Dermatology Flashcards
Who is usually affected by Asteotic dermatitis and where?
Elderly people and it’s more common in the winter time.
Predominantly affects the shins!
What is atopic eczema?
Inflammation of the skin due to Atopic (IgE mediated cause)
Filaggrin gene and leads to dry skin caused by decrease of fatty acids in the epidermis is associated with…
Atopic Eczema
What is the pathophysiology behind Atopic Asthma?
o largely a T-cell driven process with epidermal barrier dysfunction
What are some common triggers for atopic dermatitis?

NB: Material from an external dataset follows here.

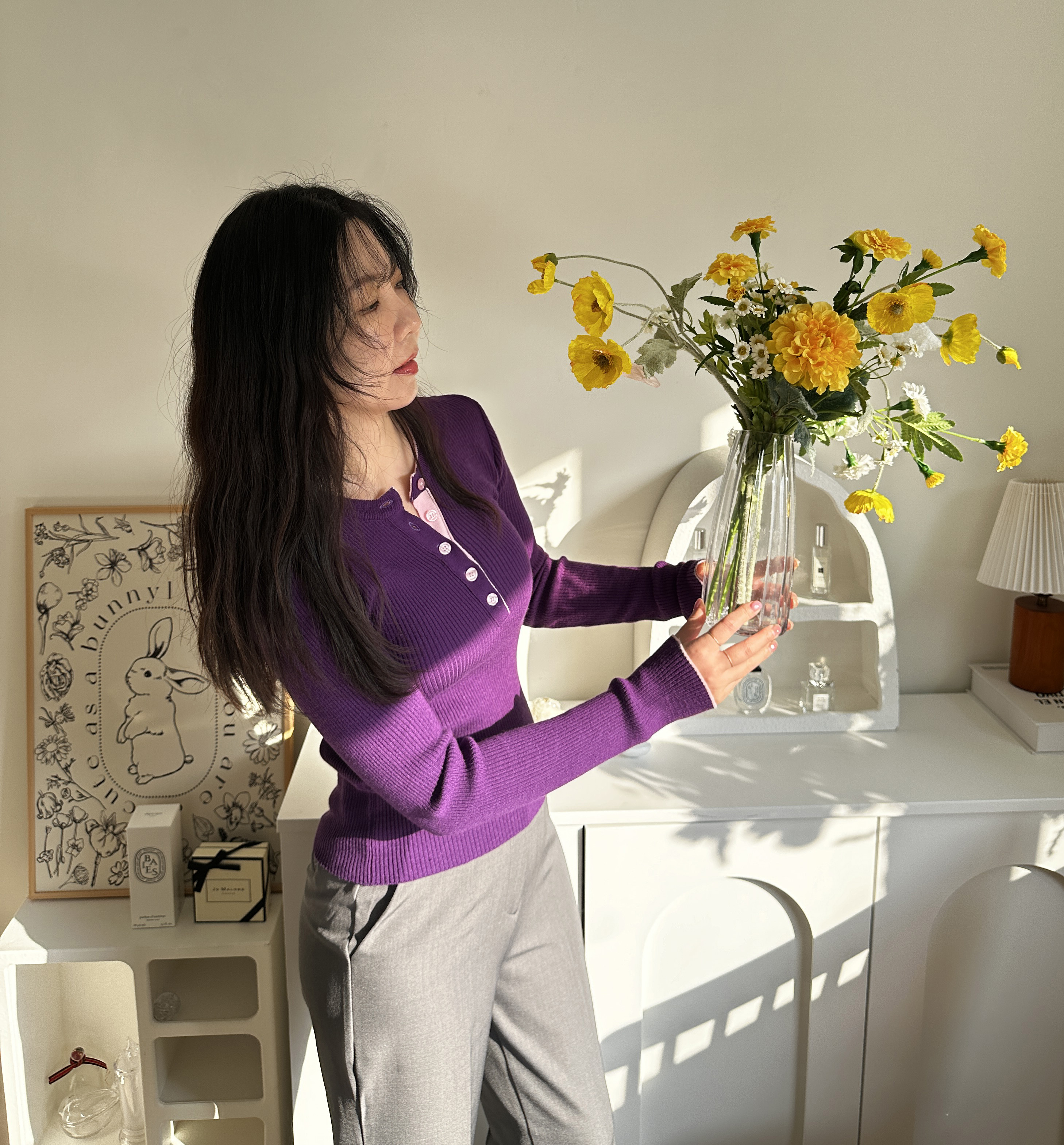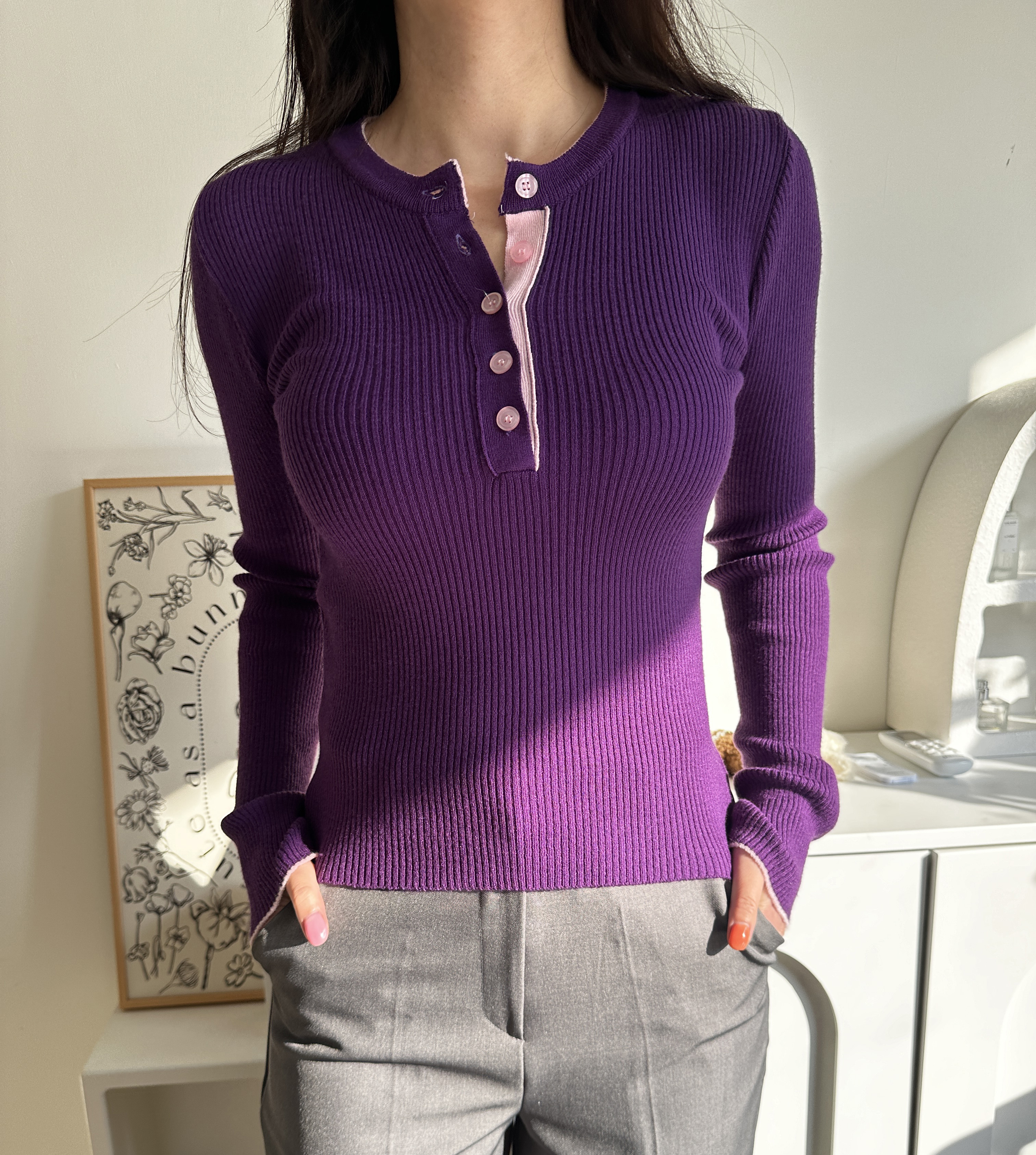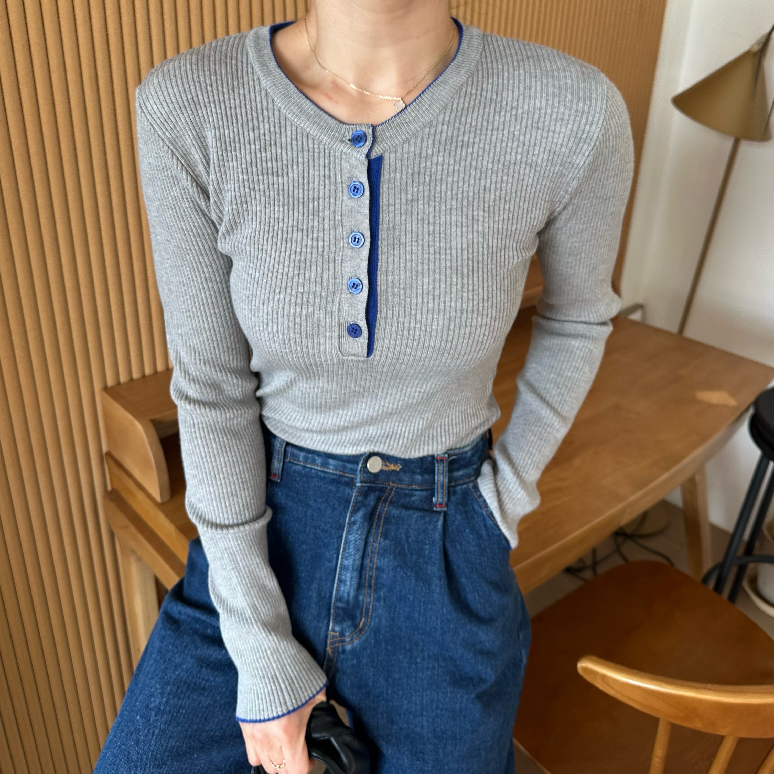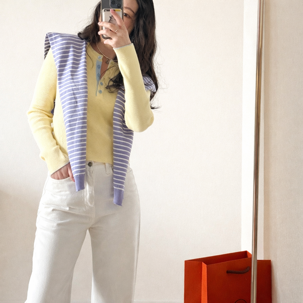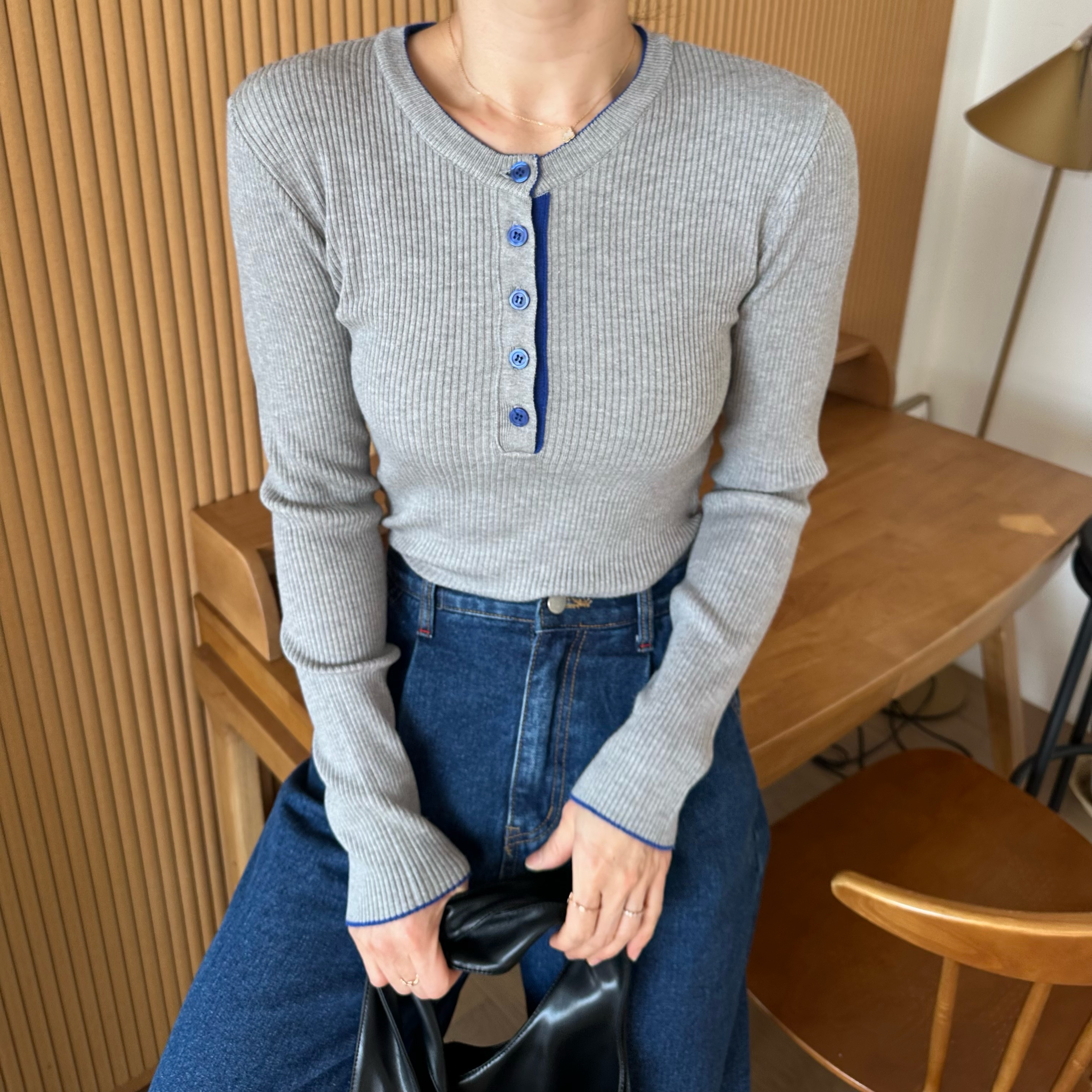 니트 한장만으로도 입는 순간

Detergents, Soaps, Contact allergens, Environmental allergens, Inappropriate bathing habits ) long hot showers, Microbes
What investigations to Ix eczema?
Usually clinical diagnosis
Skin biopsy, Serum immunoglobulin (IgE), patch testing and skin prick test
Management of Atopic Eczema?
- Avoid dryness:
- Avoid long hot showers,avoid over heating, Avoid irritative clothing/soaps - Moisturise!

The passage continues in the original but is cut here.